In this setting, immuno PET may help to monitor immune response. There are currently two main approaches that have been investigated in humans: CD8-targeted immuno PET (Pandit-Taskar et al. 2020, Farwell et al. 2022) and anti-PD-L1 adnectins (Huisman et al. 2020, Stutvoet et al. 2020, Robu et al. 2021, Nienhuis et al. 2022).

Next-generation medicine

From Hippocrates to the first half of the 20th century, medicine was centered on the treatment of symptoms. Medicine has evolved over time due to major discoveries by the doyens of the field of medicine. In the second half of the 20th century, the means of exploring the body by imaging was enriched and the discovery of cancer-associated genes brought us into the area of causal medicine. Certain major discoveries in biochemistry (Otto Heinrich Warburg, 1931 Nobel Prize) and neurosciences (Louis Sokoloff 1981, Lasker Awar 1986, National Academy of Sciences Award) have been the basis of the emergence of seminal works on PET scanning in oncologic patients. Today, we are able to use these approaches to make PM centered on the patient and their disease. Next-generation medicine will be based on the analysis of big data made possible by artificial intelligence (AI) and mathematical modeling.
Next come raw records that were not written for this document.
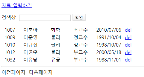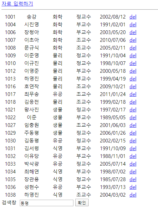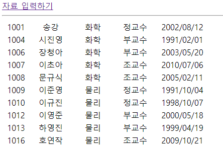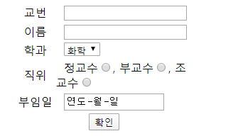 5-1. 교수 테이블 입력을 위한 폼 파일 작성(pr_in.html)
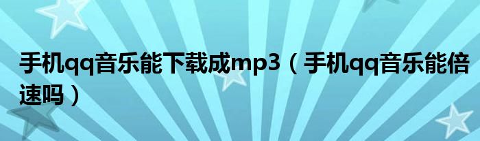 大家好,小育来为大家讲解下。手机qq音乐能下载成mp3,手机qq音乐能倍速吗很多人还不知道,现在让我们一起来看看吧!
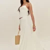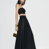 The model is wearing a size 0 and is 5’10”, 24.5″ waist, 34.5″ hips, 31″ bust.
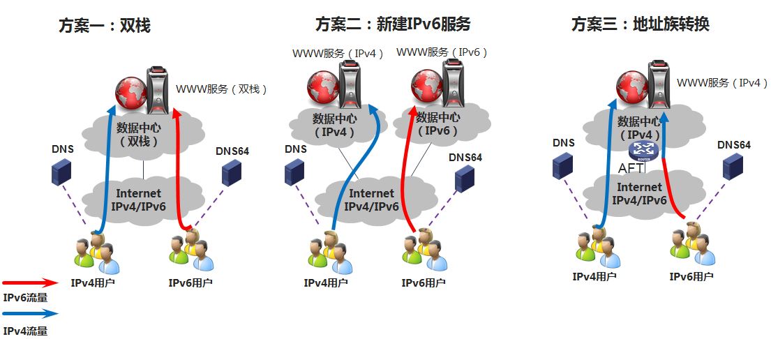 3)地址族轉(zhuǎn)換:在IPv4網(wǎng)站外部,掛接一臺v4/v6地址族轉(zhuǎn)換設備,原有IPv4源站不需修改,把DNS域名解析AAAA記錄指向轉(zhuǎn)換設備配置的IPv6 地址;IPv6用戶訪問目標網(wǎng)站,經(jīng)DNS解析調(diào)度后轉(zhuǎn)向訪問轉(zhuǎn)換設備的IPv6 地址,轉(zhuǎn)換設備從IPv4 源站讀取數(shù)據(jù),經(jīng)過協(xié)議轉(zhuǎn)換后發(fā)送數(shù)據(jù)給IPv6用戶。

For rare diseases, the information obtained from digital twins could be of prime interest. Algorithms provide the opportunity to identify digital twins from databases. This approach, however, requires building a database with reliable electronic health records that can contain critical information such as treatment sequences, responses and toxicities, and follow-up. Nuclear imaging may provide important information on disease (location, extension, phenotype, and quantitative parameters), and could be implemented in this database together with clinical and genetic data. All this information together with modelization will represent the basis of a digital doctor that will, together with the personal experience and knowledge (evidence-based) of a real physician with the support of an MDT, permit a more individualized therapeutic approach (Fig. 2). Many international initiatives led by governments or companies with consortium partners have been initiated to support such projects.

Figure 2
Figure 2

Personalized approach to PPGL patients. MDT, multidisciplinary team.
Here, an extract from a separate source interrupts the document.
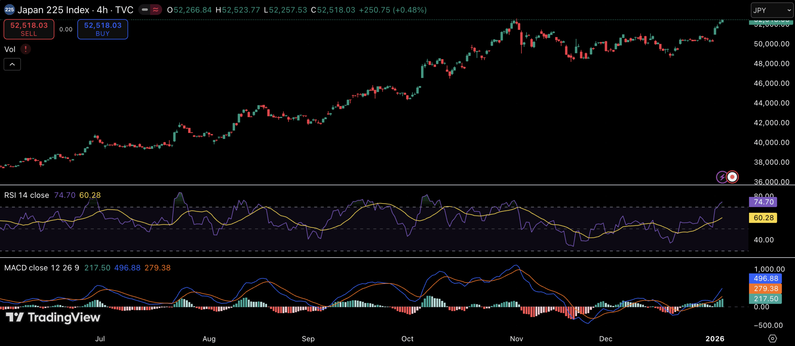 从技术角度来看,日经指数的突破伴随着强劲的动能信号。该指数目前在52500点附近交易,稳守在前期高点附近的阻力位上方。

Citation: Endocrine-Related Cancer 30, 4; 10.1530/ERC-22-0375

At present, even if the use of computer science has increased dramatically, it is not yet fully mature for these sophisticated applications. Only a handful of AI algorithms have been approved by the Food and Drug Administration (FDA); the IBM Watson Health cognitive decision-support system, which is the most clinically advanced tool, has led to disappointing results so far. There are still major concerns regarding the standardization, ergonomics, data management and security of these solutions. Additionally, there are also major challenges regarding ethics, cost-burden, communication for improving acceptance (public, healthcare professionals), and cyber security (attack prevention and detection). It is expected that these aspects will be improved in the coming years and we will see the dawn of a new era in PM.

Conclusion

An accelerating digital revolution in health care will modify various aspects of the medical profession and how we take care of PPGL patients. Technological breakthroughs and new tracers will continue to position nuclear medicine among the significant players in PM.

Declaration of interests

The authors declare that there is no conflict of interest that could be perceived as prejudicing the impartiality of this review.

Funding

This study was supported, in part, by the Intramural Research Program of the Eunice Kennedy Shriver NICHD, NIH, Bethesda, Maryland, USA.